Which component are you using?:
cluster-autoscaler
What version of the component are you using?:
Component version: 1.21.2
What k8s version are you using (kubectl version
)?:
1.21.2-eks
kubectl version
Output
$ kubectl version Client Version: version.Info{Major:"1", Minor:"22", GitVersion:"v1.22.4", GitCommit:"b695d79d4f967c403a96986f1750a35eb75e75f1", GitTreeState:"clean", BuildDate:"2021-11-17T15:41:42Z", GoVersion:"go1.16.10", Compiler:"gc", Platform:"darwin/arm64"} Server Version: version.Info{Major:"1", Minor:"21+", GitVersion:"v1.21.2-eks-06eac09", GitCommit:"5f6d83fe4cb7febb5f4f4e39b3b2b64ebbbe3e97", GitTreeState:"clean", BuildDate:"2021-09-13T14:20:15Z", GoVersion:"go1.16.5", Compiler:"gc", Platform:"linux/amd64"}
What environment is this in?:
We're running ClusterAPI on EKS with a MachineDeployment
and want to scale this one using cluster-autoscaler.

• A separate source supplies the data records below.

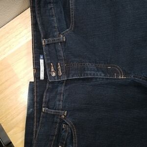 Bandolinoblu Jeans, Ariana, Very dark washed, Size 16. Two buttons in front. Two back pockets with buttons and embroidery. See photos for measurements. Hems were altered by previous owners. Some fading at the ankles.
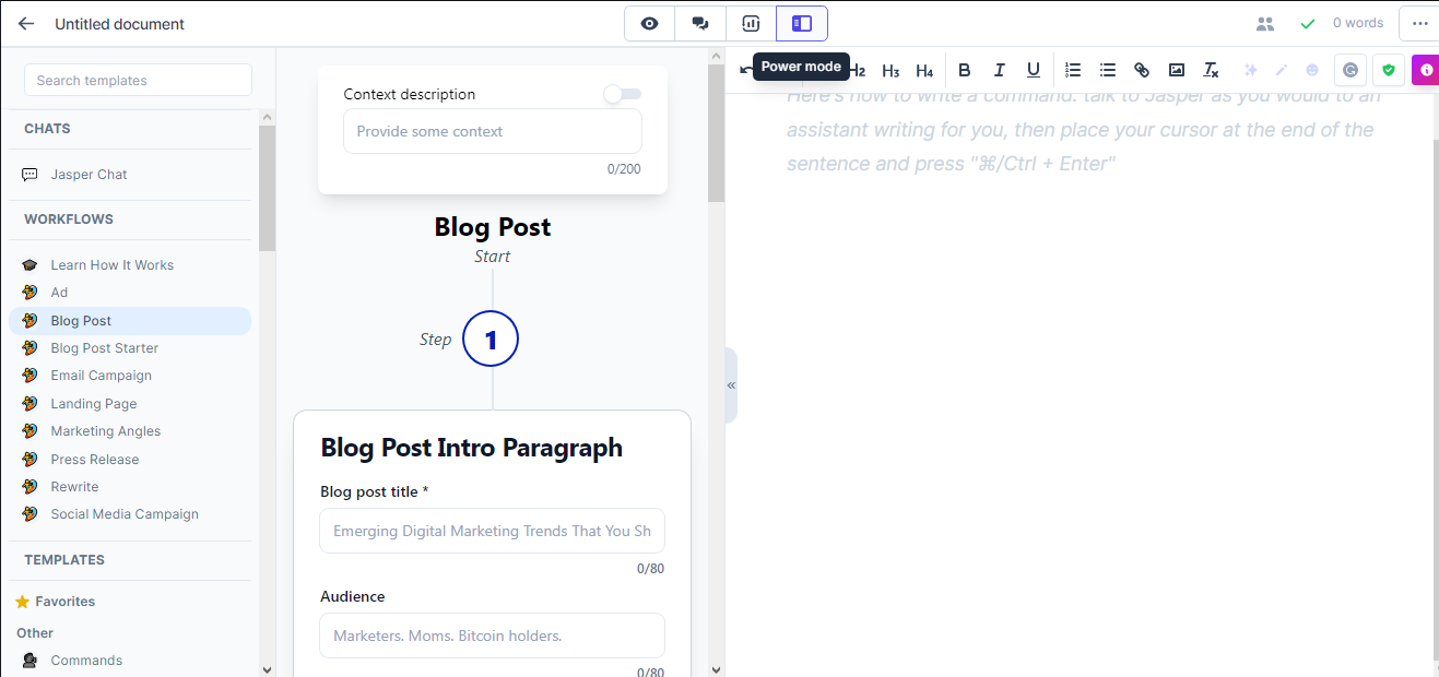 In Chat mode, Jasper becomes a chatbot like ChatGPT. You can converse with it using prompts or speak to it like a real-life writing assistant with voice commands.
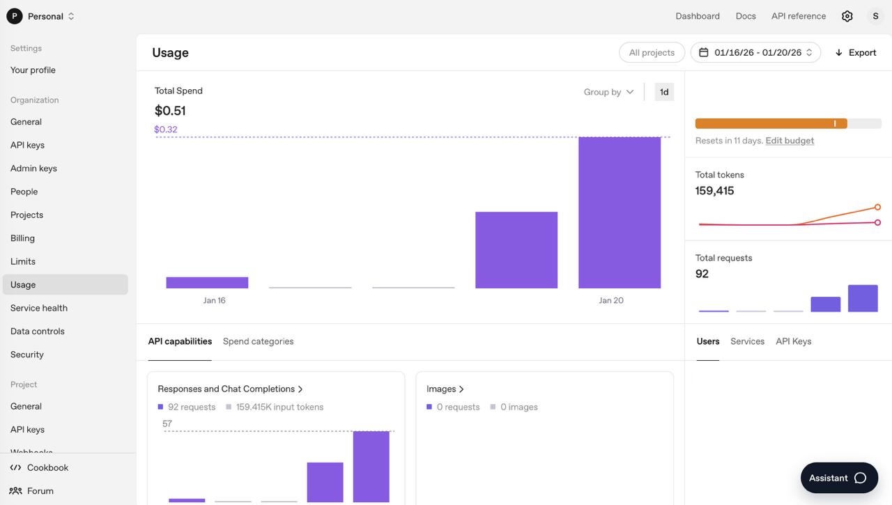 Figure 2. Test OpenAI spend: 92 requests, $0.51. This was used to estimate per-photo processing cost before production rollout.
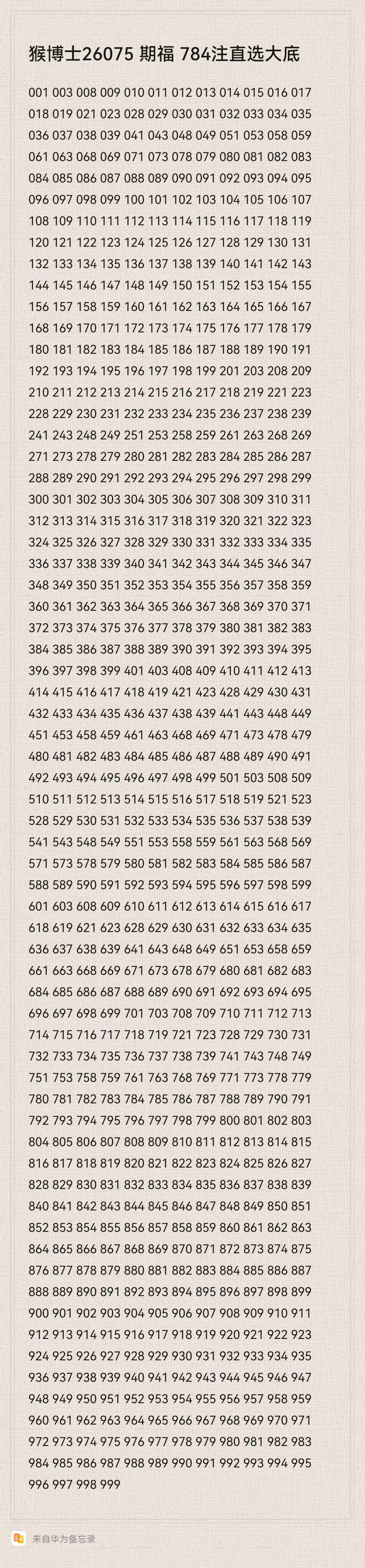 猴博士26075期福784注直选大底:(可以当母底用,然后进行缩水)
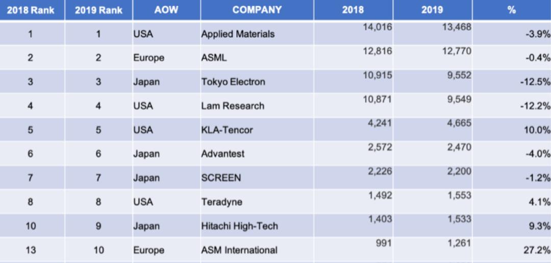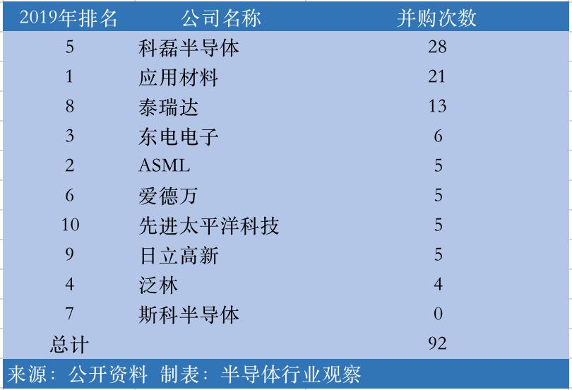 如今的半导体设备行业已经是高度集中的市场格局,应用材料、阿斯麦、东京电子、泛林半导体、科磊半导体2019年牢牢占据了全球前五的位置。而这些厂商正是在前一轮的积极并购后慢慢定型,成为了业内的标杆企业。
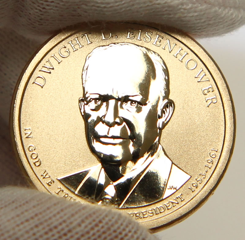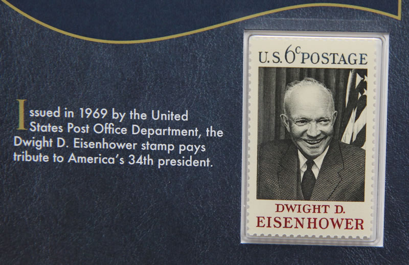 Here are photos of the 2015-P Reverse Proof Dwight D. Eisenhower Presidential $1 Coin (obverse or heads side and reverse or tails side). The reverse proof Presidential $1 is only the second one issued by the U.S. Mint, with the first one in the 2015 Harry S. Truman Coin and Chronicles Set. Opposite of standard proofs, reverse proof coins have frosty fields and raised mirror-like devices.Here are two photos of both sides of the one-ounce, .999 fine Dwight D. Eisenhower Presidential Silver Medal. The medal is a duplicate of the inaugural Eisenhower bronze medal from 1953.Here is a photo of the Dwight D. Eisenhower 1969 6c postage stamp

A minimal set of manifests is here:
We're getting the strange behaviour that nodes are removed completely from the cluster (scale back to 1 node) and then cluster-autoscaler kicks-in again. We first thought about our gitops reconciliation being the issue though on a fresh setup with everything disabled we're able to reproduce it as well.
We also lots of
I0105 11:42:15.900121 1 request.go:597] Waited for 194.315819ms due to client-side throttling, not priority and fairness, request: GET:https://10.100.0.1:443/apis/cluster.x-k8s.io/v1beta1/namespaces/flux-system/machinedeployments/<redacted>/scale
...
in our logs, repeated 5-10 times.
We continued investigation by enabling audit logging on the Kubernetes APIServer and were able to identify several get&update operations by the cluster-autoscaler service account per second (2-6 calls per second!) which explains the client side rate limiting.
We tried playing around with the reconciliation intervals etc but nothing seems to work and we're running out of ideas. Is this a known bug on the cluster autoscaler?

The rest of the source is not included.